3. Open the CSV in Excel, write a few formulation, and create a graphic.
I can’t communicate for you, however many instances I am going for choice 3. Particularly as a result of Excel recordsdata are appropriate with all the pieces, simply shareable, and beginner-friendly.
I’m saying all of this as an Introduction to make my level that I don’t suppose that Excel recordsdata are going away anytime quickly, even with the quick growth of AI. Many will love that, many will hate that.
So, my motion right here was to leverage AI to make Excel recordsdata higher documented. One of many fundamental complaints of information groups about Excel is the dearth of finest practices and reproducibility, on condition that the names of the columns can have any names and information varieties, however zero documentation.
So, I’ve created an AI Agent that reads the Excel file and creates this small documentation. Right here is the way it works:
- The Excel file is transformed to CSV and fed into the Massive Language Mannequin (LLM).
- The AI Agent generates the info dictionary with column info (variable title, information kind, description).
- The info dictionary will get added as feedback to the Excel file’s header.
- Output file saved with feedback.
Okay. Arms-on now. Let’s get that executed on this tutorial.
Code

We are going to start by organising a digital surroundings. Create a venv
with the software of your selection, comparable to Poetry, Python Venv, Anaconda, or UV. I actually like UV, as it’s the quickest and the only, in my view. When you have UV put in [5], open a terminal and create your venv
.
uv init data-docs
cd data-docs
uv venv
uv add streamlit openpyxl pandas agno mcp google-genai
Now, allow us to import the mandatory modules. This venture was created with Python 3.12.1, however I consider Python 3.9 or larger may do the trick already. We are going to use:
- Agno: for the AI Agent administration
- OpenPyxl: for the manipulation of Excel recordsdata
- Streamlit: for the front-end interface.
- Pandas, OS, JSON, Dedent and Google Genai as help modules.
# Imports
import os
import json
import streamlit as st
from textwrap import dedent
from agno.agent import Agent
from agno.fashions.google import Gemini
from agno.instruments.file import FileTools
from openpyxl import load_workbook
from openpyxl.feedback import Remark
import pandas as pd
Nice. The subsequent step is creating the features we’ll have to deal with the Excel recordsdata and to create the AI Agent.
Discover that every one the features have detailed docstrings. That is intentional as a result of LLMs use docstrings to know what a given operate does and determine whether or not to make use of it or not as a software.

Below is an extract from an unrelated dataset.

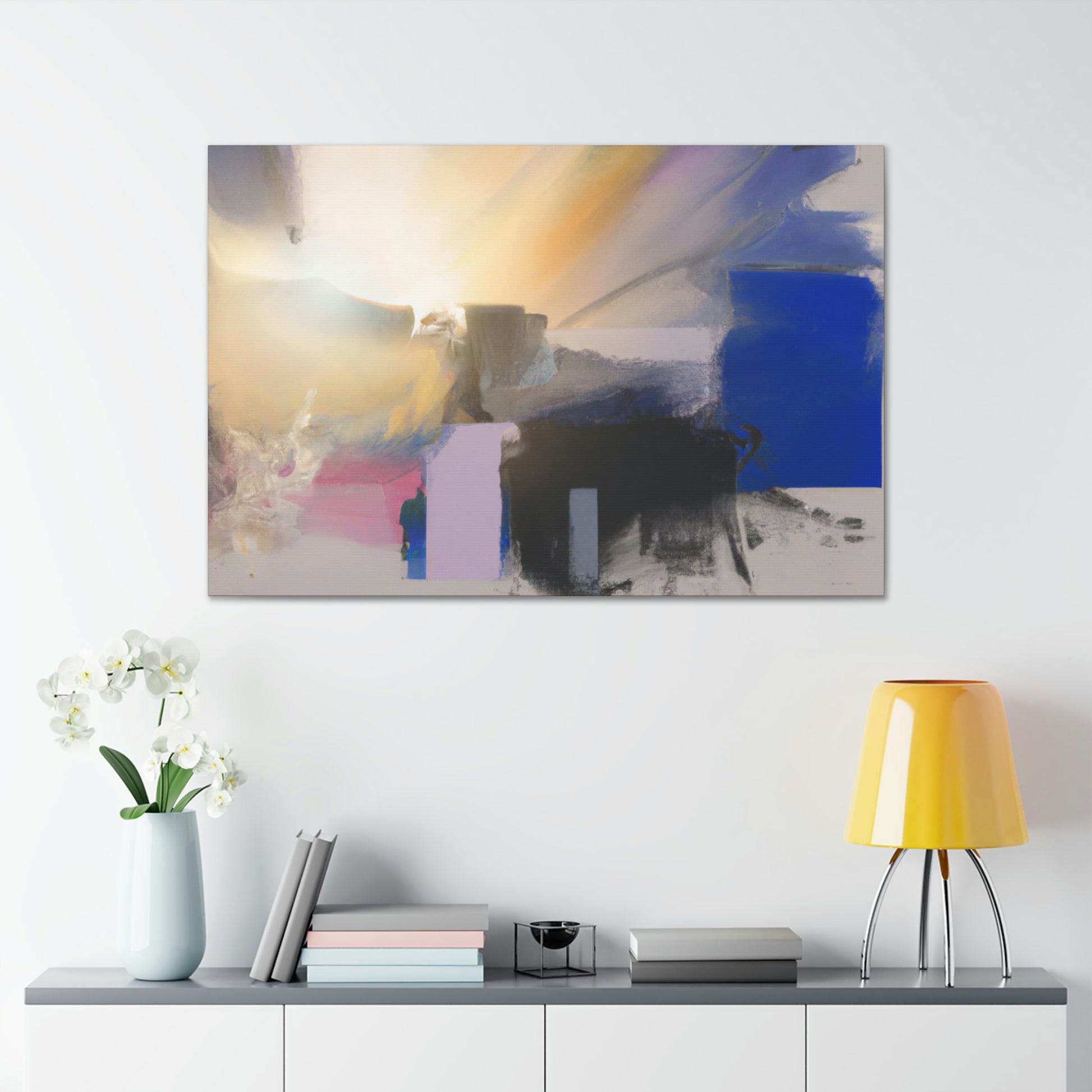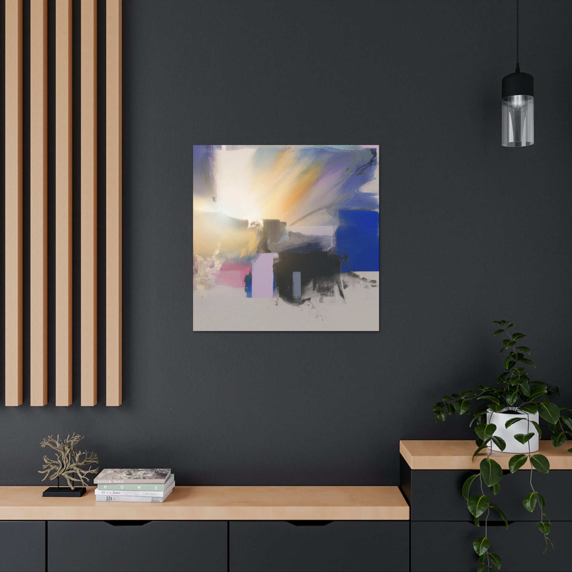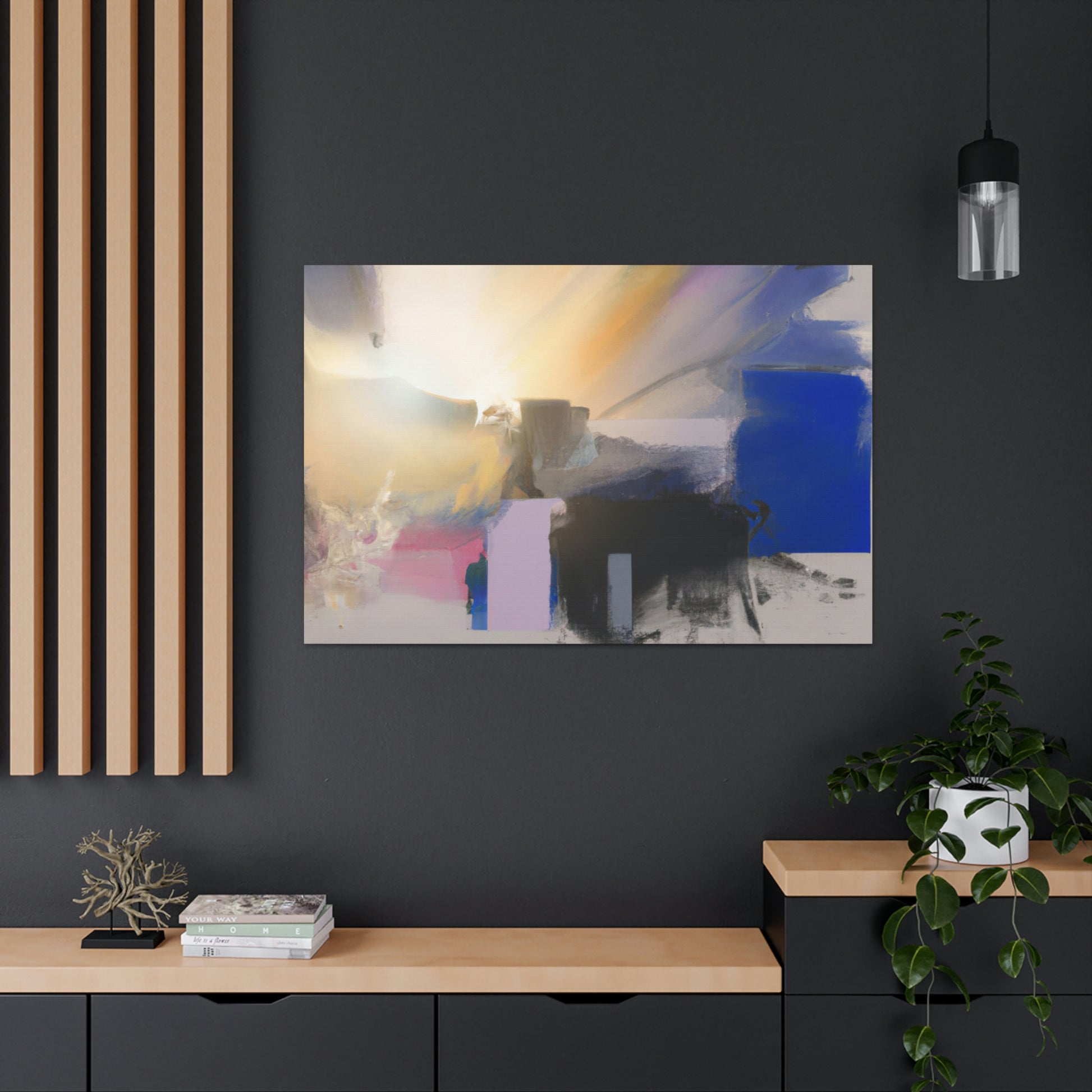 This digital canvas art is a perfect way to add a splash of color to your living room. Featuring abstract shapes and an imaginative, dreamy landscape, it will bring a modern and elegant touch to any home décor. The painting is printed on premium quality canvas, and its durable construction ensures a lifetime of vibrancy. Create an eye-catching focal point today and start a conversation with this one-of-a-kind piece. #interiordesign #abstractart #modernart #homedecor #art #canvasart #painting #abstractpainting #livingroom #digitalart #homedesign #wallart

So, in case you’re utilizing Python features as Instruments for an AI Agent, make sure that to make use of detailed docstrings. These days, with free copilots comparable to Windsurf [6] it’s even simpler to create them.
Changing the file to CSV
This operate will:
- Take the Excel file and browse solely the primary 10 rows. That is sufficient for us to ship to the LLM. Doing that, we’re additionally stopping sending too many tokens as enter and making this agent too costly.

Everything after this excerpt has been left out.